Everything is easier when it is done with the right tool. That's why we design and build our own fermenter. Firstly because such a tool does not yet exist, and secondly because we want it to be the best possible. Not the best for us, because it generates income, but the best for people because it is affordable, understandable, repairable, and can be made anywhere on earth.

Our philosophy is inspired by the Maker movement, which arose as a social movement within the association and citizen network, democratises technologies and pursues concepts like "do-it-yourself", the circular economy, Kilometre Zero and open technology and democracy.

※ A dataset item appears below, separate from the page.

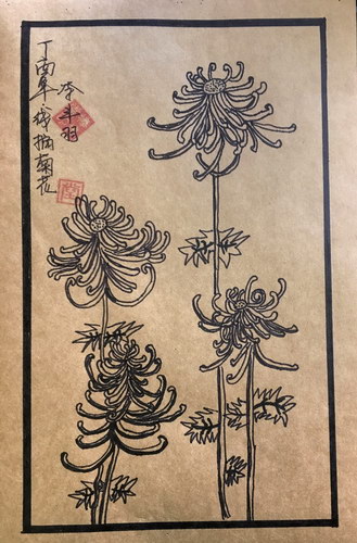 《线描菊花》
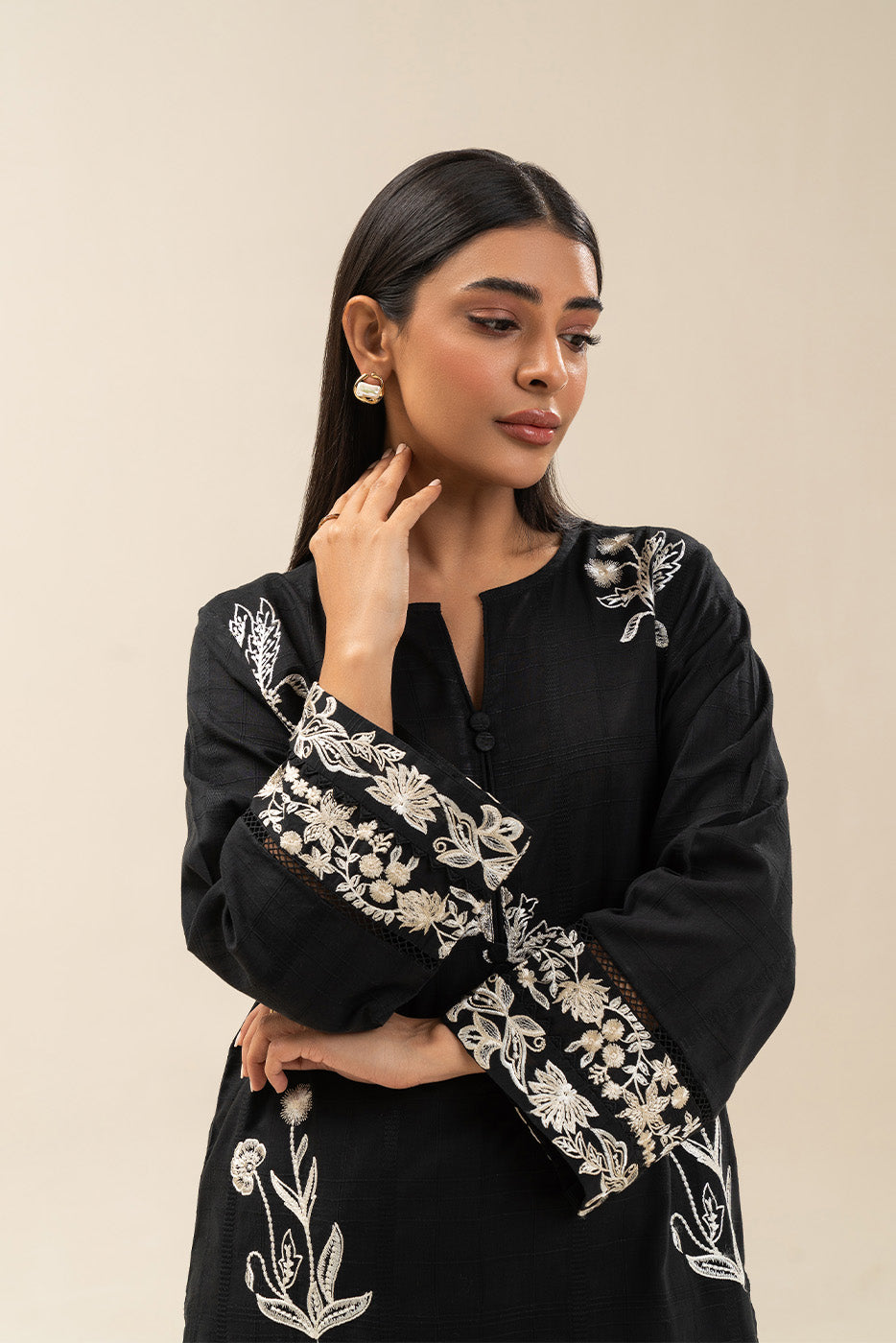 - Description: Embroidered Shirt With V Neckline And Detail On Sleeves.

We will use digital fabrication techniques to prototype and produce our fermenter device allowing it to be (re)produced in any FabLab/makerspace around the world. We aim to use digital technologies to ensure sustainability and social and environmental impact, to address social challenges and promote circular economy models. We want to strengthen the alternatives of the sharing economy and promote inclusion in the digital economy.

Physical or other transformations

It refers to other types of transformations (soft investment)

Innovative character

Tempeh is a nutritious, sustainable and affordable solution from Indonesia. Our mission is to bring and facilitate this solution elsewhere as a fermentation technique that can be used with local beans and the spores of the source mushroom. In Indonesia the tropical weather makes tempeh easy to grow without any device. Elsewhere, a device that maintains heat and humidity may be needed. Our goal is to propose an open-source fermenter device that makes growing tempeh as easy as in Indonesia.

To bring equal opportunities and generate a bigger movement around sustainable food and sustainable technologies, we want our Domingo Fermenter digitally distributed and digitally manufacturable. We want our device as simple as possible so that it is easy to understand and to take apart in order to repair it or to upgrade it. For more circularity but also for educational purposes. Our open source fermenter device will be made up of few components and be low consumption so that it can be used anywhere, regardless of the price of electricity.

To create and generate a committed movement, we want to bring experience quality beyond functionality. It's why we want to create the Domingo Club, a digital community-based platform around the technique and tools of tempeh fermentation to bring more resiliency to our global food system and tackle climate emergencies. It will be an open space to share and learn from others and take this project forward.